Non invasive in vivo assessment of the hepatic lipid composition in a murine model of acute and chronic carbon tetrachloride induced hepatitis

 

Ziel/Aim Non-alcoholic steatohepatitis (NASH) is a leading cause of hepatocellular carcinomas. Despite the increasing prevalence invasive biopsies are still the gold standard in NASH diagnostics. Here, we investigated the feasibility of non-invasive in vivo ¹ H magnetic resonance spectroscopy (MRS) in a murine model of acute and chronic carbon tetrachloride (CCl₄)-induced hepatitis which exhibits similar histomorphological features like steatohepatitis.

Methodik/Methods To induce acute hepatitis male C57BL/6 mice received a single i.p. CCl₄ injection (AH) and repetitive CCl₄ injections (3x weekly over five weeks) to induce chronic hepatitis (CH). The hepatic lipid composition in AH and CH was determined by in vivo MRS. Liver tissue underwent histopathological (H&E) and RT-PCR analysis focusing on expression patterns of proinflammatory cytokines. In addition, we analyzed the liver enzymes in the blood serum of mice with AH and CH and conducted flow cytometry in CH liver tissue.

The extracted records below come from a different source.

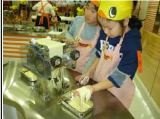
友達と協力して出てきた麺をハサミでカットしている様子(上) 出来上がった麺を入れる袋に絵を描く様子(右)

混ぜて麺生地づくりをスタート。 ペアで協力して練り上げた麺生地を麺棒で何回も折り曲げては伸ばす作業を繰り返した。麺生地を休ませる時間を利用してラーメンを入れる袋に自分だけのデザインをした。 平たく伸ばされた麺生地を麺作りの機械に通し麺が出てくると、長さ揃えてハサミでカット。 出来た麺をほぐし、容器に入れて油で揚げるまでの工程が終了。 油で揚げる工程は、危険なためスタッフが担当。子ども達は、ガラス越しに自分のラーメンの出来栄を心配そうに覗き込んでいた。 また、きれいに揚がってきたラーメンをスタッフがから見せられ嬉しそうに顔をしていた。 自分がデザインした袋に入れたもらい完成。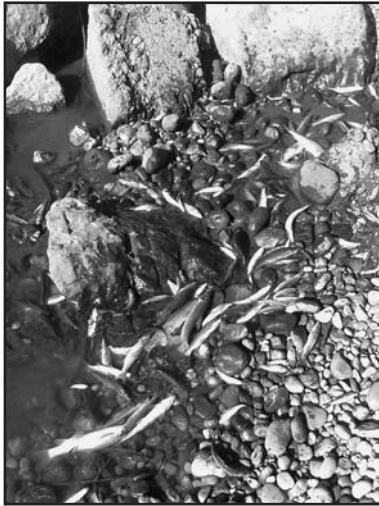
Nessun intervento delle autorità "per salvare" quintali di pesce del fiume Chiese in località Trampolino.

Ogni anno, stesso copione: in luglio e agosto, il Chiese è asciutto per mancanza di piogge, prelievi per irrigazione, necessità di livello minimo per il lago d'Idro. Come avviene all'italiana, c'è il solito rimpallo di responsabilità e, nonostante gli sforzi degli ambientalisti e di tutti quelli che amano la natura, siamo alle solite: corso d'acqua sempre più piccolo, acqua che non scorre più e il pesce che si trova a dibattersi nelle pozzanghere sempre più strette per l'evaporazione. Poi, forse una liberazione, arriva la morte per asfissia. Dice un signore, che abita in zona: "C'era una pozza d'acqua, sono venuti con la motopompa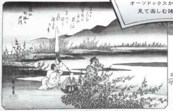
▲歌川広重画「諸国六玉川 近江野路之玉川」萬屋重三郎板(草津市蔵)

定番ネタにひと工夫！ テイストの違った近江八景。 オーソドックスから見立てまで！ 見て楽しむ諸国六玉川。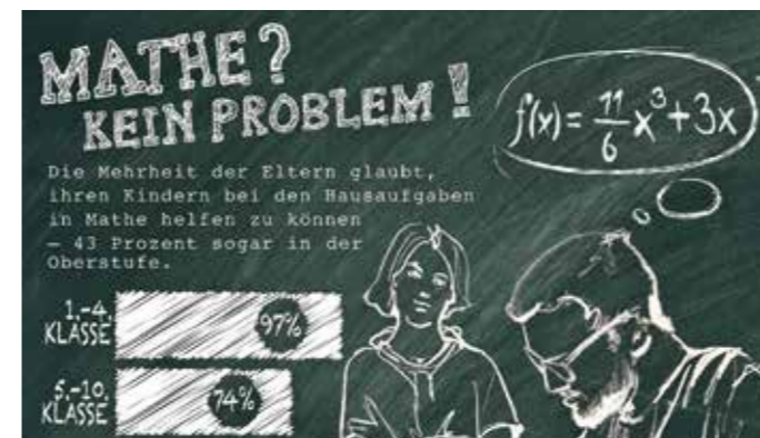
In der Grundschule können die meisten Eltern ihren Kindern bei den Mathehausaufgaben noch helfen. In den höheren Klassen sieht das schon anders aus.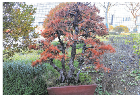
受损的盆景。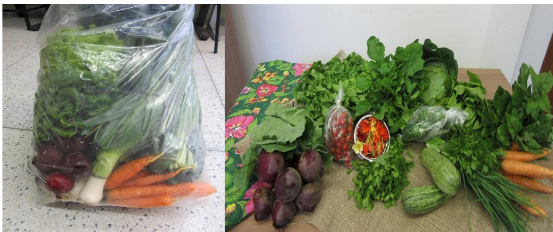
Figura 2. O formato da cesta e alguns dos produtos que a compõem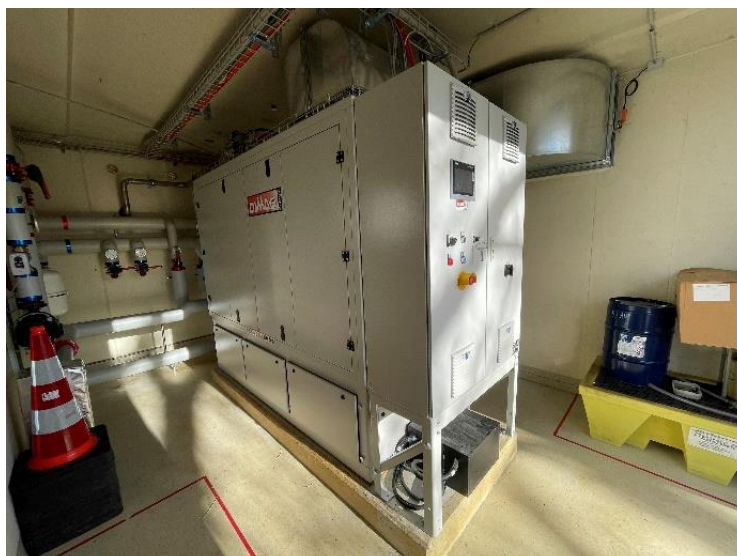
Couplage chaleur force

Les travaux ont débuté en novembre 2022 par le démontage de l'ancienne installation et la mise en place du nouvel équipement. Après le raccordement de la tuyauterie, de la ventilation et des câbles électriques, le nouvel appareil était mis en service en décembre de la même année.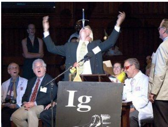
Vui mừng đoạt giải Ig Nobel (Ảnh: www.life.org.uk )

Như thường lệ, trước tuần lễ công bố chính thức giải Nobel, giải Ig Nobel (phản Nobel) năm 2008 đã được tạp chí Annals of Improbable Research công bố hôm 02/10/2008 tại Trường Đại học Harvard, với những giải ngộ nghĩnh trong các lĩnh vực như: sinh học, y học, hóa học, kinh tế và hòa bình.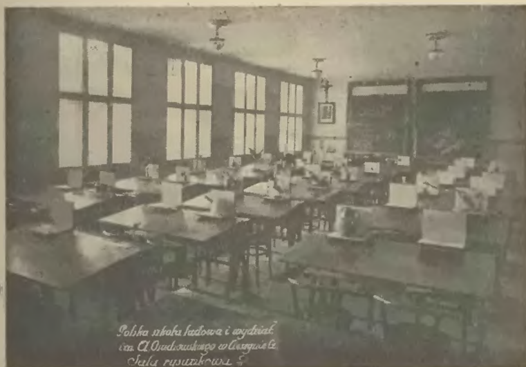
Sala rysunkowa w Szkole Macierzy Szkolnej (Cz. Cieszyn.).

2. Szkoła ludowa w Dzieńmorowicach , której kolaudacja odbyła się dnia 12 września 1931, rozpoczęła istnienie 14 września 1931.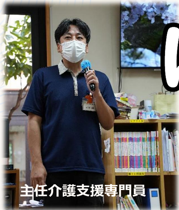
主任介護支援専門員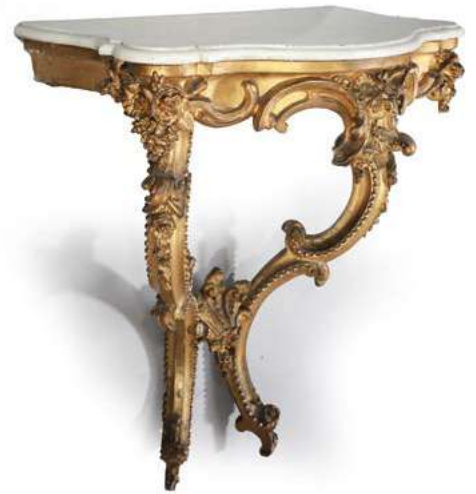
111 PETITE CONSOLE en bois sculpté stuqué et doré à décor rocaille de fleurs, palmettes et feuilles d'acanthe Piètement à entrelacs, dessus de marbre blanc à bec de corbin H. 87 cm, L. 68 cm, P. 41,5 cm € 200 - 300

Ergebnisse/Results Using MRS we observed in AH a tendency towards increased hepatic fatty acids and fractional lipid mass compared to healthy mice. Interestingly, the hepatic lipid composition upon CH was not altered compared to healthy mice. Histopathological analysis of AH livers uncovered necrosis, regenerative processes and microsteatosis, whereas CH showed necrosis and steatosis, but only weak inflammation. Alanine transaminase was exclusively elevated in AH serum. RT-PCR analysis revealed a drastically enhanced TNF expression in CH livers when compared to AH, whereas SOD-1 was decreased upon AH and CH compared to healthy livers. Flow cytometry analysis of livers with CH revealed a decreased expression of CD4⁺ T cells and an increase in regulatory T cells and PD-1⁺ CD4⁺ T cell.

Schlussfolgerungen/Conclusions Our results support the feasibility of non-invasive MRS to assess liver tissue changes in CCl₄-induced AH and AH. Nevertheless, further studies are needed to investigate the underlying molecular mechanisms and the diagnostic capabilities of MRS in NASH patients.